Year: 1989
Make: Volvo
Model: 740
Engine Size: 2.3
Refrigerant Type: R-134a
Country of Origin: United States
1989 Volvo 740
Just retrofitted R-12 system w/ R-134 w/
New Sanden 709 Compressor
New Refrigerant Hoses
New Nissen Condenser
New Accumulator (receiver/Drier)
New Variable Orifice
New R-134 adjustable low pressure switch
All New O-Rings
Replaced pre-charged Mineral Oil supplied in compressor w/ Ester Oil
Wired a relay to run the OEM pusher cooling fan anytime A/C clutch is engaged (especially for Phoenix Summertime use-may disconnect when ambient temps drop below 80 deg F).
Car has engine driven mechanical fan behind radiator, and OEM pusher was temp controlled back-up only previously).
System does NOT have High Side Service Port (Never Did From Factory), but I installed a High Side Port on the Shraeder fitting on the back of the compressor for testing purposes (being at the compressor, I am sure it is oil soaked and will have gross pulsations when system is running).
Can pull full vacuum (29+" on gauge) and will hold for hours, but not overnight when connected to the Low Side port only.
1) How does one set up and evaluate a system w/o a High Side port between the condenser and the orifice valve?
2) Is it advisable to install refrigerant in a system that leaked down over a 12hr period (I plan to add 1-can Leak Stop and Dye, then 80% of the R-12 Fill Capacity of R-134a.
3) I am told that with a Variable Orifice, the traditional gauge pressures running will not be relevant. Is this true?
never did from factorynever did from factory
1. Same as any other system. Many cars have the high side port before the condenser. Pressure drop through the condenser should be negligible.
2. Never use a "stop leak" product. If you aren't sure if still leaking, put in a small amount of 134a (up to 50 psi or so) and let sit overnight. If the pressure holds, finish charging. If it doesn't, find the leak.
3. No one here has had good results with a variable orifice. Use a fixed orifice. On some conversions, going one size smaller than stock has helped.
Oops-
Too late both counts.
On the Volvo Forum, the VOV was highly recommended. I should have come here first.
On the Stop Leak w/ Dye, that was recommended as well.
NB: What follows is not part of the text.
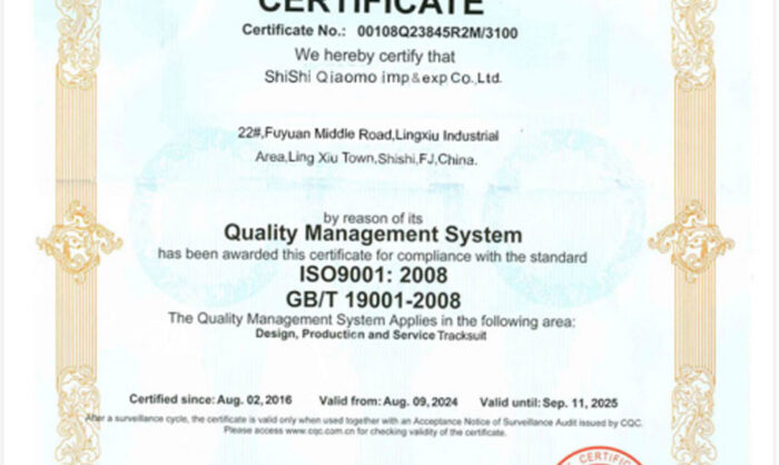 We’ve passed the ISO9001:2008
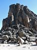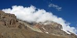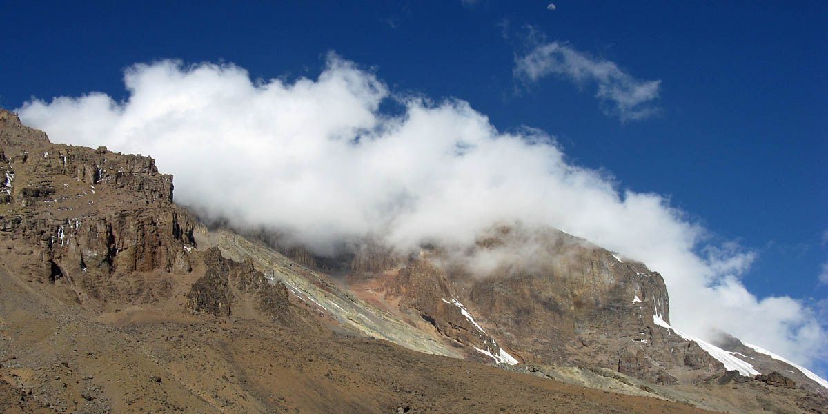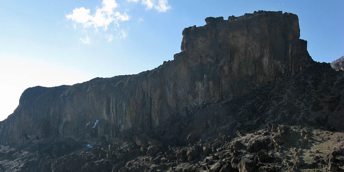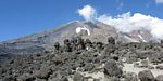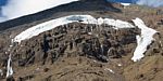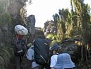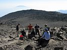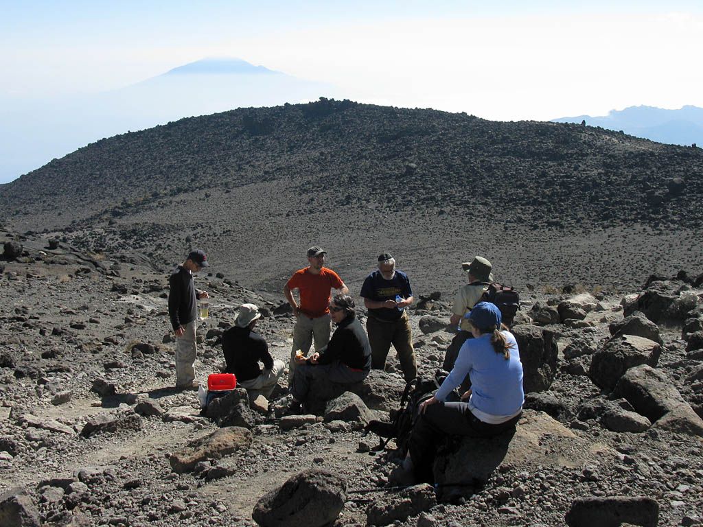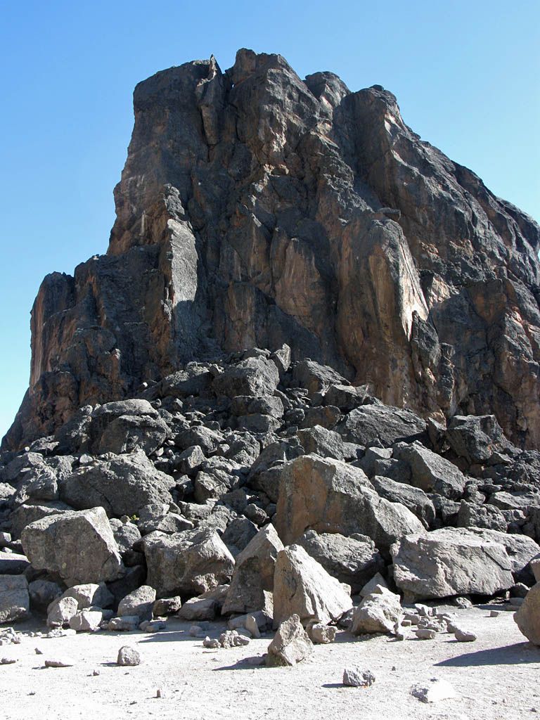 Lava Tower from the base, also known as Lava Tower camp. We are now at 4627m/15,180ft. | Kibo's cloud hat evolving above us. | Looking up the Western Breach route from its start point. | Group shot at the base of Lava Tower. From left to right: David, Bob, Anne, Misha, Susan, Yedidya, Boaz, Mike |

Repeat-Should have come here first.
On the High Side port, I was told that putting the High Service Port on the back fitting on the Sanden was useless since there is too much oil there, and that location is subject to huge pulsations.
They said do NOT hook up a line there as it will fill my gauges with oil that will blow out of the compressor, and which I'll have to replace.
Could you confirm that the place I mounted the Service Port is actually OK to connect my High Pressure gauge to and use (believe) the readings?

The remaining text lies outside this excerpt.